[Excerpted records]
○ ○ ○ ○ ○ ○ ○

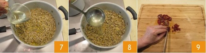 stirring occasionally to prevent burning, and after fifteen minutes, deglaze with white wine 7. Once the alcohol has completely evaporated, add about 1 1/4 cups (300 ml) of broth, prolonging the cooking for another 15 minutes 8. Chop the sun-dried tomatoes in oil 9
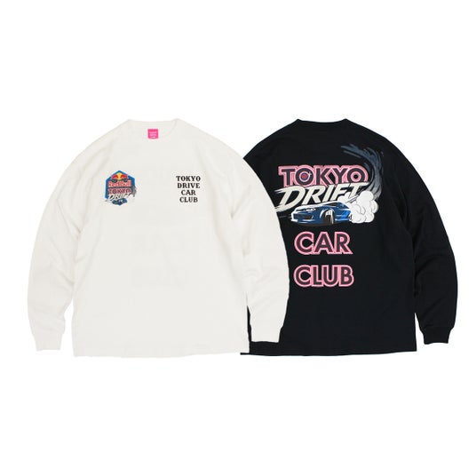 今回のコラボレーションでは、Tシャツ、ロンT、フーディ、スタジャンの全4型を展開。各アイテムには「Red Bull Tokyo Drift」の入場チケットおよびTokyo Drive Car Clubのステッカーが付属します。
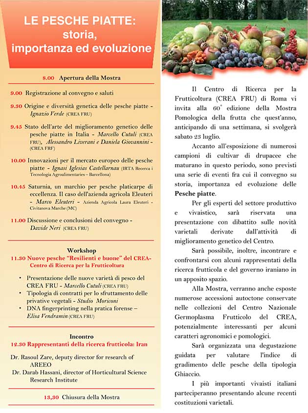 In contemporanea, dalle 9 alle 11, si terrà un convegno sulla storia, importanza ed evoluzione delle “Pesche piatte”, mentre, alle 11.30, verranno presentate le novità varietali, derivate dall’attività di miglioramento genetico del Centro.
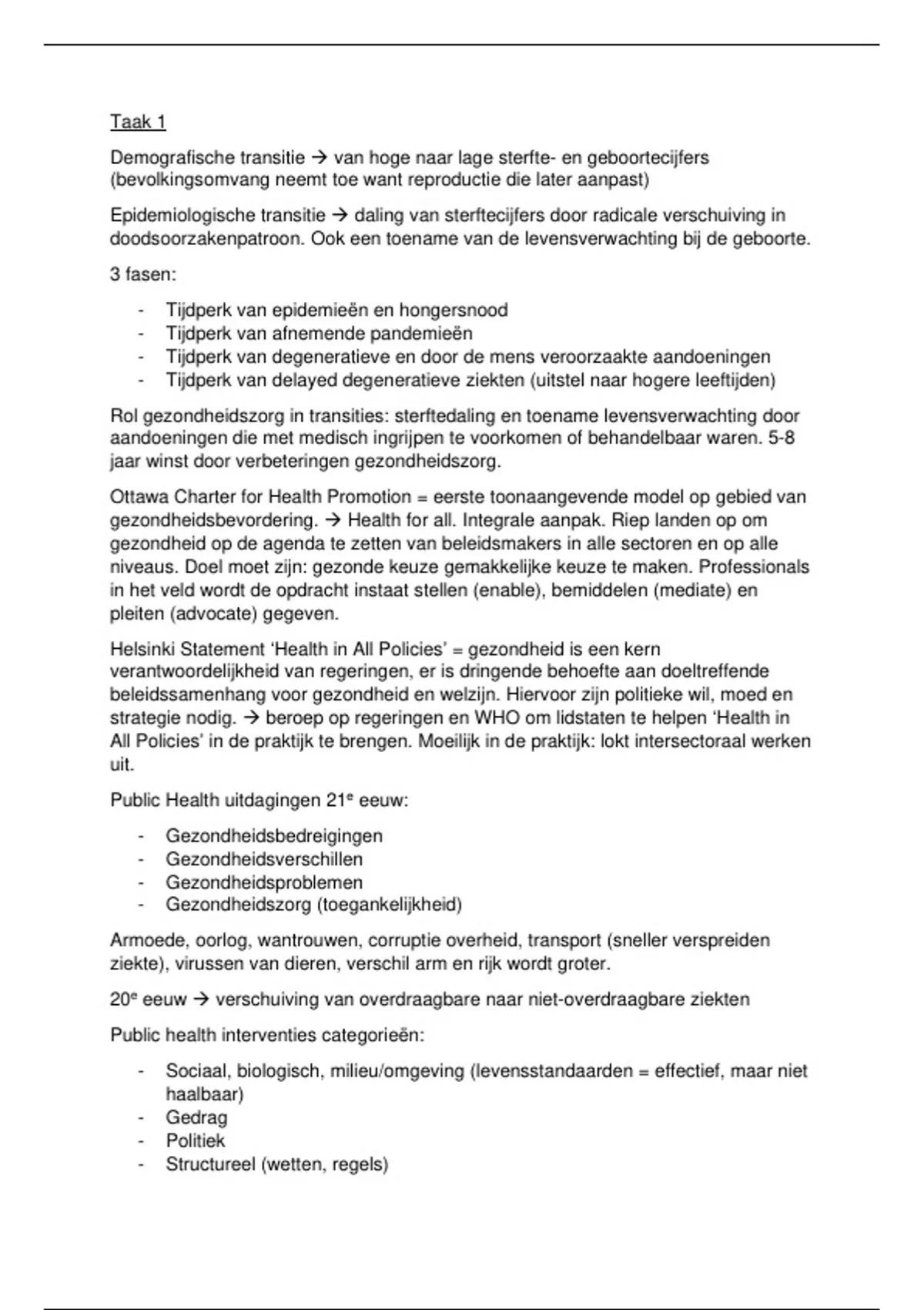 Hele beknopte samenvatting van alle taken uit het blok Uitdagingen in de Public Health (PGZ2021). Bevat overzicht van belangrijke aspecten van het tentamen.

○ ○ ○ ○ ○ ○ ○

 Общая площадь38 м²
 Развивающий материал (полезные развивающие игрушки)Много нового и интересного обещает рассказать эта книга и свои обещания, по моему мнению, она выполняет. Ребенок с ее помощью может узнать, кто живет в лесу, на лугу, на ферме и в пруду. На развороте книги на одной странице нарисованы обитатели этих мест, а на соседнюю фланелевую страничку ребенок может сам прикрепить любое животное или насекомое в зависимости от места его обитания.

○ ○ ○ ○ ○ ○ ○

[Problem]
The answer is the lines above from the one with "stirring occasionally to" to the one with "In contemporanea, dalle", set down exactly, with no pictures.

[Solution to this task]
 stirring occasionally to prevent burning, and after fifteen minutes, deglaze with white wine 7. Once the alcohol has completely evaporated, add about 1 1/4 cups (300 ml) of broth, prolonging the cooking for another 15 minutes 8. Chop the sun-dried tomatoes in oil 9
 今回のコラボレーションでは、Tシャツ、ロンT、フーディ、スタジャンの全4型を展開。各アイテムには「Red Bull Tokyo Drift」の入場チケットおよびTokyo Drive Car Clubのステッカーが付属します。
 In contemporanea, dalle 9 alle 11, si terrà un convegno sulla storia, importanza ed evoluzione delle “Pesche piatte”, mentre, alle 11.30, verranno presentate le novità varietali, derivate dall’attività di miglioramento genetico del Centro.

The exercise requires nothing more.